The data below should be repeated exactly and in full.

=== DATASET EXTRACT ===
========
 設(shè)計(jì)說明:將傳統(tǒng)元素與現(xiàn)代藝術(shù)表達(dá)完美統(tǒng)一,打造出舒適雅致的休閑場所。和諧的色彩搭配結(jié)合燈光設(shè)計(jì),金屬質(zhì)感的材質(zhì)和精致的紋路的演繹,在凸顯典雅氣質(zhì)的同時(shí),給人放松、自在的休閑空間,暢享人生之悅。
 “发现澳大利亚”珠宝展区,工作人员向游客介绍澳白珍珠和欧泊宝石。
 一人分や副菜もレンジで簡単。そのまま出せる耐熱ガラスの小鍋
========
=== RESPONSE TO THIS EXERCISE ===
 設(shè)計(jì)說明:將傳統(tǒng)元素與現(xiàn)代藝術(shù)表達(dá)完美統(tǒng)一,打造出舒適雅致的休閑場所。和諧的色彩搭配結(jié)合燈光設(shè)計(jì),金屬質(zhì)感的材質(zhì)和精致的紋路的演繹,在凸顯典雅氣質(zhì)的同時(shí),給人放松、自在的休閑空間,暢享人生之悅。
 “发现澳大利亚”珠宝展区,工作人员向游客介绍澳白珍珠和欧泊宝石。
 一人分や副菜もレンジで簡単。そのまま出せる耐熱ガラスの小鍋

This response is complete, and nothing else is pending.